Benjamin Franklin says: "An investment in knowledge pays the best interest". It highlights the importance of gaining knowledge before you start something, whether your investments or anything else. Hence, if you are beginning your investing journey in 2024, you must understand some personal finance ratios and rules.
Let us discuss them. Before you start investing, you need to save money. The savings ratio measures the percentage of income you are saving.
It is calculated as follows: Savings Ratio = Savings / Gross Income Suppose your monthly income is Rs. 50,000, and you are saving Rs. 10,000.
In this case, your savings ratio will be 20%, which is a good ratio to start with. The higher the savings ratio, the better, as it helps you channel more money towards investments for fulfilling your financial goals. You can use the 50/30/20 budgeting method that allocates 20% of the monthly income towards savings and investments.

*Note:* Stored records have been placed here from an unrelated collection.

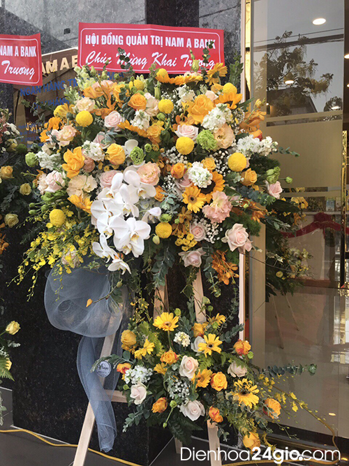 Quan sát tổng thể mẫu hoa vô cùng bắt mắt, thu hút và tạo ấn tượng mạnh cho quan khách khi đến tiệc khai trương.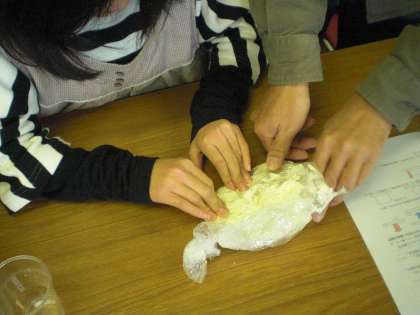おはようございます。今日は毎年吉例になっている,おやじの会主催の「うどん作り」が行われています。今年は22組の親子に参加していただきました。まずはじめに,うどん粉と食塩水を混ぜ,ダマができないように手で丁寧に練り合わせます。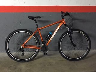 Talla L (para 1,80 de altura) Cuadro de aluminio Transmisión Shimano 3 platos y 7 piñones Horquilla: Zoom 389, recorrido 80mm. Frenos: V-Brake aluminio. Desviador: Shimano TY300. Cambio trasero: Shimano TY-21. Cubiertas: 29″X2,10 V85 OCELOT. Regalo pedales automáticos Como nueva HAY QUE RECOGERLA EN UN PUEBLO A 70 KM DE MADRID

Once you get comfortable with this budgeting method, you can aim to increase the savings rate beyond 20%. As you allocate more money towards your financial goals, you will be able to achieve them faster and attain financial freedom. Action point for 2024: Aim for a savings ratio of 20% to start with, and take steps to increase it further over a period of time.
A lot of people have loans such as a home loan, vehicle loan, education loan, personal loan, credit card outstanding, etc. Some people have multiple loans running at the same time. The debt to income (DTI) ratio measures the percentage of income going towards paying loan EMIs.
It is calculated as follows: DTI = Monthly Debt Payment / Monthly Income Suppose your monthly income is Rs. 50,000, and you pay Rs. 15,000 towards loan EMI(s).